Power is one of Prof Roberston's interests and he is the author of a book called The Winner Effect . His blog, at thewinnereffect.com , looks at contemporary events such as the carry-on of the North Korean dictator, through the lens of neuroscience. It's fascinating – go take a look.

Addendum: two female readers have chastised me from my failure to realise, in a recent column, that the word "shifting" refers to French kissing and not to anything further than that by way of sexual activity. I defer to their knowledge of this social phenomenon. One was kind enough to blame not me but the editorial hierarchy in The Irish Times for failing to notice my mistake. In their defence, I must point out that persons occupying editorial positions in The Irish Times tend to be serious types who have never been "shifted" and who cannot be expected to be familiar with the finer points of this sort of thing.

During my school days the line was that you could go to hell forever for just getting pleasure out of thinking about sexual activity so French kissing could be quite a big deal, eternity wise.

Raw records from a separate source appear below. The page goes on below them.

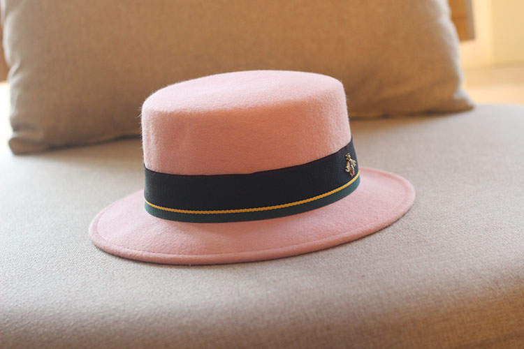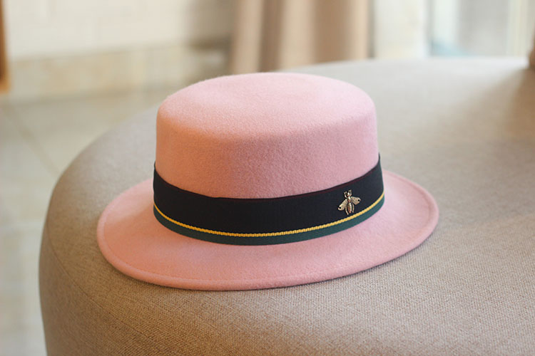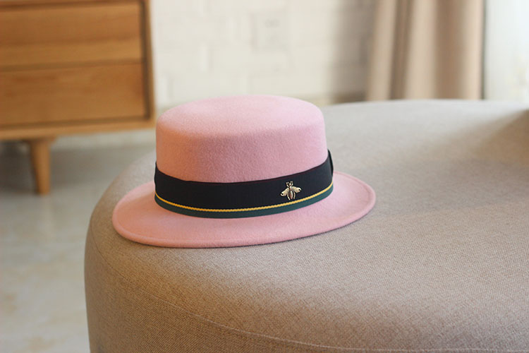 英式羊毛呢小禮帽采用高檔純羊毛,手感細膩,造型挺立,不僅僅可以修飾臉型,粉色可愛顏色更是粉色控的心頭愛。
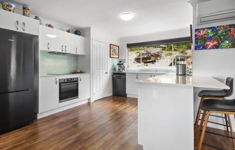 The open plan living/dinning/kitchen area has a new 8.5kw air-conditioner, as well as vinyl planking flooring. The fully renovated kitchen consists of induction cooktop, self cleaning oven, dishwasher, stone bench top with a breakfast bar. The kitchen also boast a large walk-in pantry.
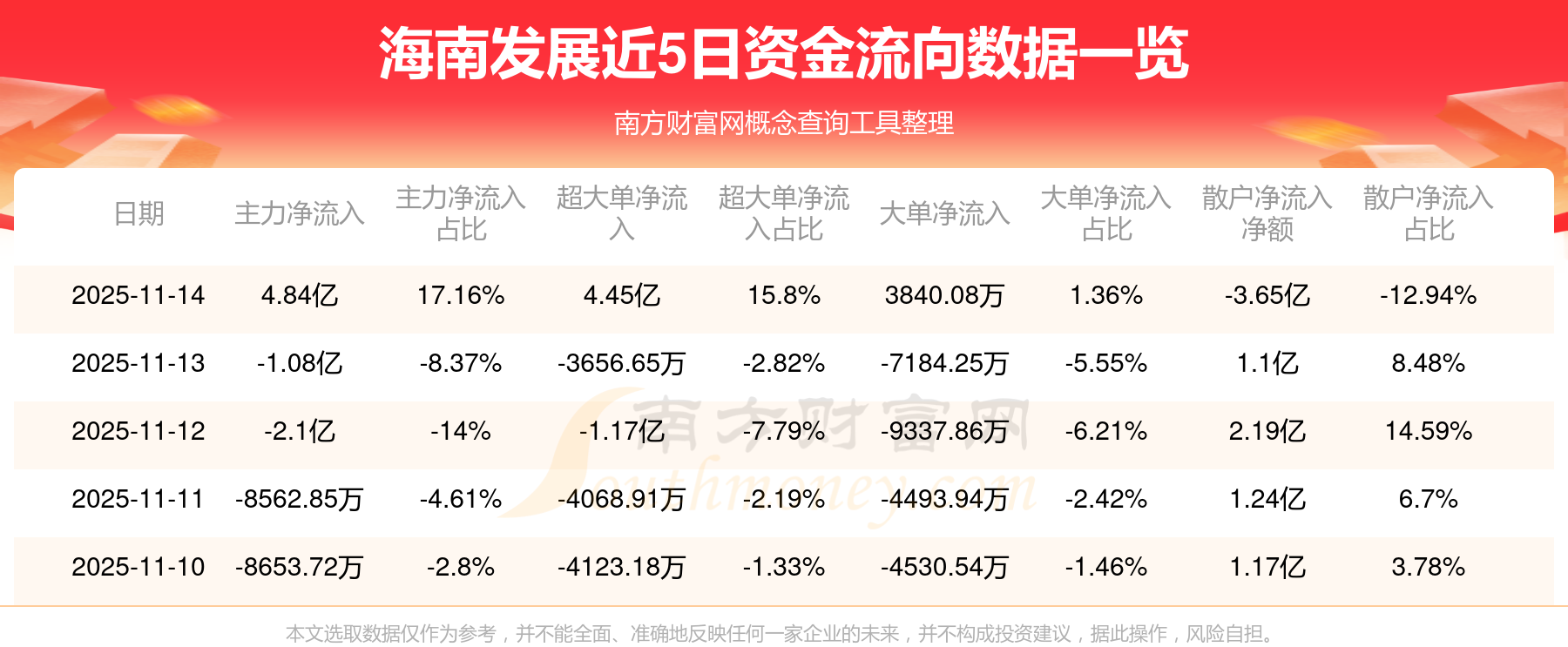 11月14日該股主力資金凈流入4.84億元,超大單資金凈流入4.45億元,大單資金凈流入3840.08萬(wàn)元,中單資金凈流出1.19億元,散戶資金凈流出3.65億元。
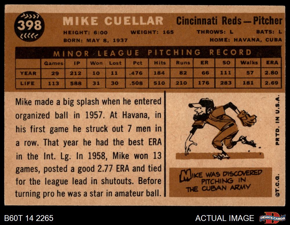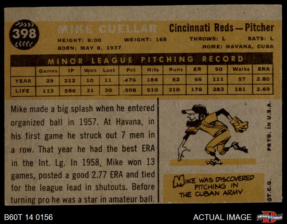 1960 Topps #398 Mike Cuellar 3 - VG
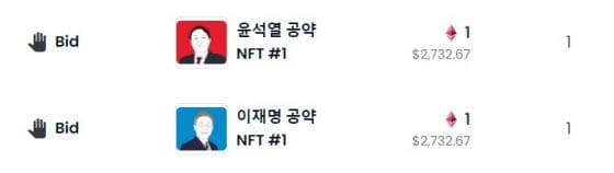 오픈씨에 등재된 YTN 공약 NFT 중 이재명 1호와 윤석열 1호에 대해 1이더리움에 사자 주문이 들어왔습니다. 해당 NFT는 선거 당일인 9일 오후 6시까지 경매 방식으로 수집가들에게 인도될 예정입니다.
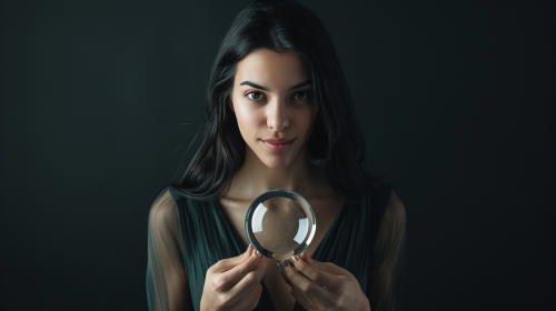 A 30 years old elegant smily woman showing us a halfcircle device with a diameter of 20 centimeters, holds it in both of her hands, epic mood, view on half of the body, dark hair, empty black backround --ar 16:9 --v 6.0 --style raw
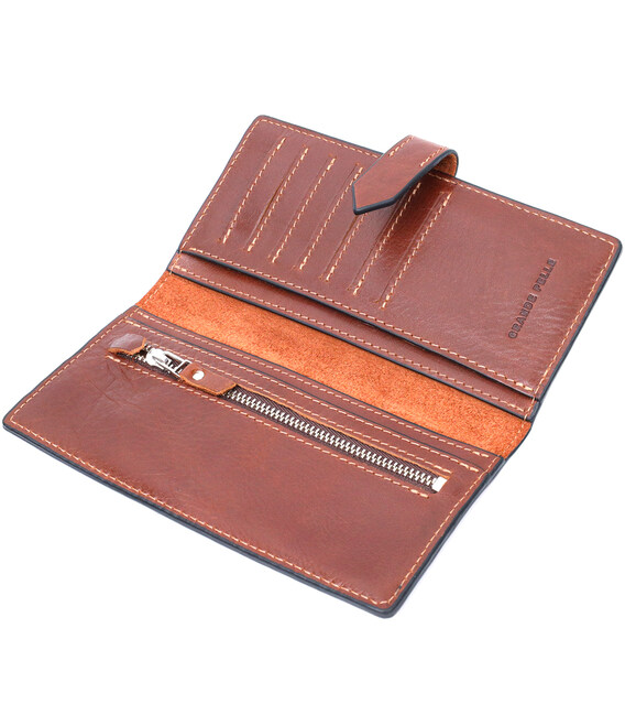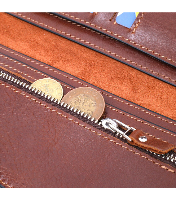 Описание Интересный вертикальный кошелек из натуральной кожи GRANDE PELLE 11660 Коричневый
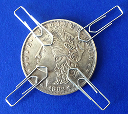 Eine Münze, in welche ein starker Magnet eingebaut würde. So können Sie die Münze an eisenhaltige Flächen bzw. Gegenstände "heften", um sie von dort für eine Produktion heimlich abzugreifen, oder um sie dort im Rahmen eines Münzenverschwinden heimlich abzulegen. Ebenso können eisenhaltige Gegenstände an der Münze „angeheftet“ werden. Lieferung ohne Routine.
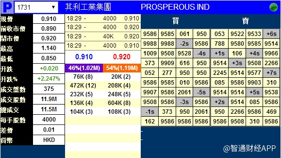 智通财经APP获悉,全球知名品牌设计、开发及制造休闲包及背包(其主要为双肩背包)并提供优质供应链管理服务的制造商其利工业集团(01731)将于下一交易日挂牌,上市前夕,据辉立交易场资料显示,其利工业暗盘开市报0.92元,较招股价0.89元涨0.03元。收报0.91元,较招股价涨2.247%,每手4000股,不计手续费,每手赚80元。

In my column I opposed the Romeo and Juliet law in which teenage boys under 17 who have sex by free and mutual agreement with teenage girls under 17 can be convicted of an offence, while the girls cannot (there is more to the law than that but this is the part I object to).

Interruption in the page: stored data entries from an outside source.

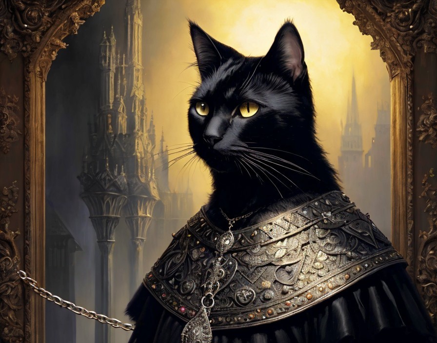 An artwork portrays two regal black cats, one adorned with a crown and the other in armor, set against an ornate mirror and a golden forest backdrop.
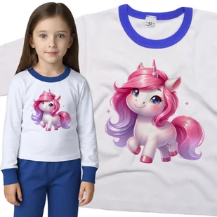 Piżama dziecięca długi rękaw z nadrukiem Wesoły Różowy Fioletowy Jednorożec Dla Dziewczynki Biało-Niebieska 86/92 nr wzoru: nr wzoru: 122514135207 Twoj...
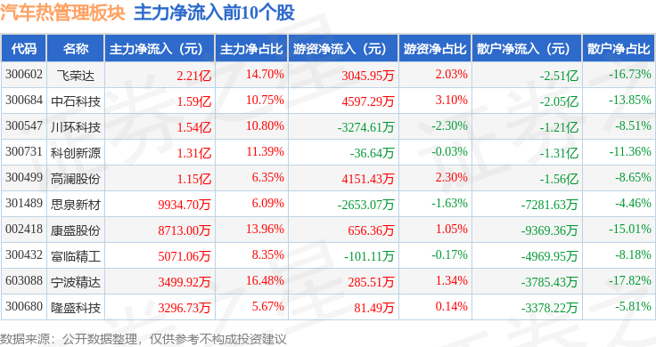 从资金流向上来看,当日汽车热管理板块主力资金净流出19.56亿元,游资资金净流入9.13亿元,散户资金净流入10.43亿元。汽车热管理板块个股资金流向见下表:
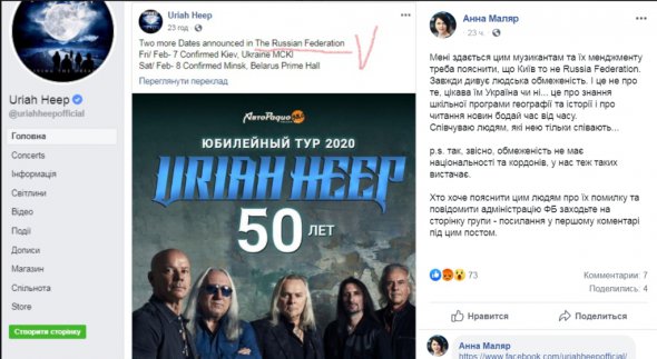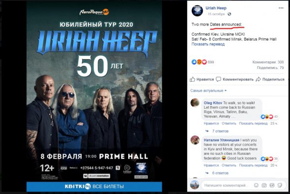 Британський рок-гурт Uriah Heep в анонсі концертів назвав Україну та Білорусь частиною Російської Федерації.
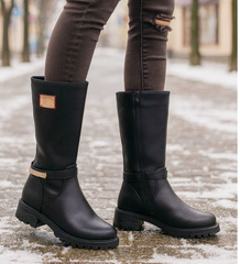 Czarne zimowe kozaki z futerkiem /B7-3 18530 T398/
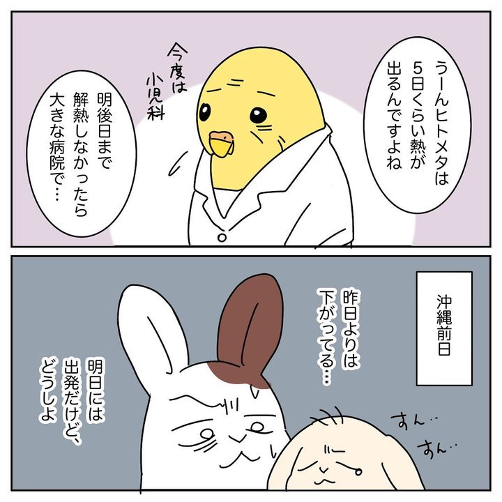 家族で沖縄旅行を計画するも…直前に次男が《38.5℃の熱》を出し、病院に行った結果→医師からの診断に「ええ!?」
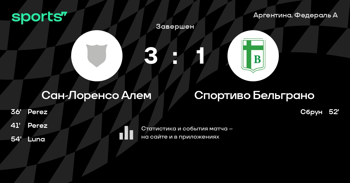Трансляция Сан-Лоренсо Алем - Спортиво Бельграно
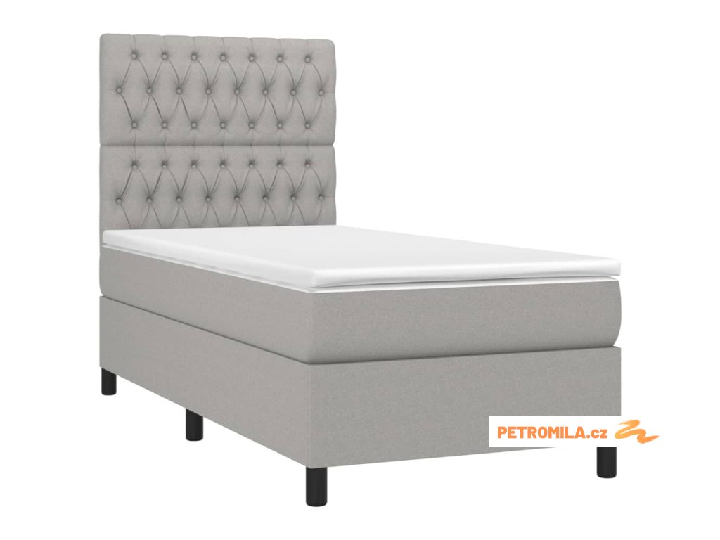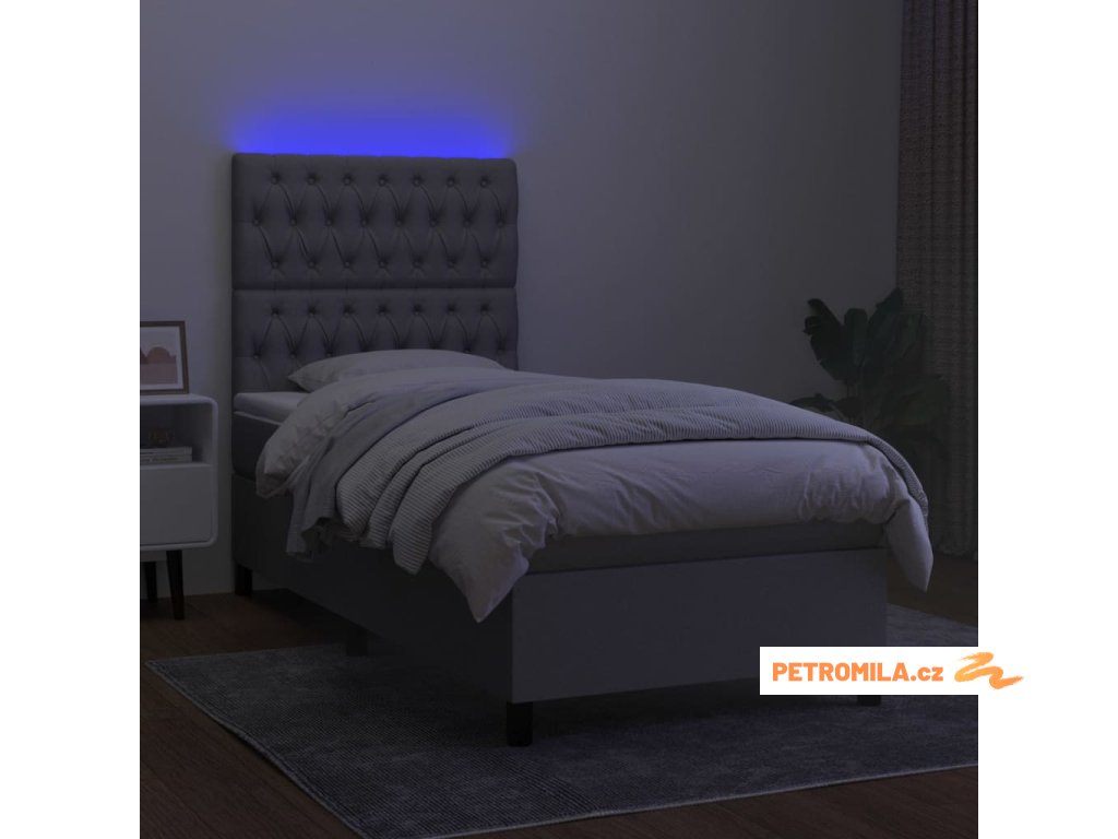 Box spring postel s matrací a LED světle šedá 90x200 cm textil
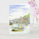 A young man, in a small dinghy (tender), crossing the Fowey River to his sailing boat moored on the Polruan side. The quaint, historic town of Fowey is in the background. The tower of the ancient St. Fimbarrus Church is clearly visible, also the red brick building, which is Fowey Gallants Sailing Club. From original watercolour by Christine Hudson
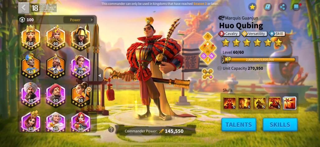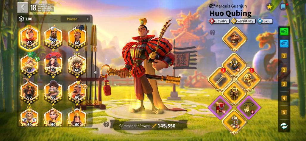 - Max 19 Commanders :Huo Qubing,Cao Cao,Alexander Nevs,Xiang Yu,Zhuge Liang,Heraclius,Attila,Gonzalo de Cordoba,Hermann Prime,Joan Of Arc Prime,Jan Zizka,Arthur pendragon

My argument was that neither should be hauled up in front of the courts for this activity. One of my readers argued that making boys liable to prosecution could bring home to them the fact that the actions can have consequences.

In my opinion, this is a cruel and disproportionate way to teach lessons to boys, or to girls for that matter.


Pádraig O'Morain (pomorain@yahoo.
com) is a counsellor accredited by the Irish Association for Counselling and Psychotherapy. His book, Light Mind – Mindfulness for Daily Living , is published by Veritas. His mindfulness newsletter is available free by email.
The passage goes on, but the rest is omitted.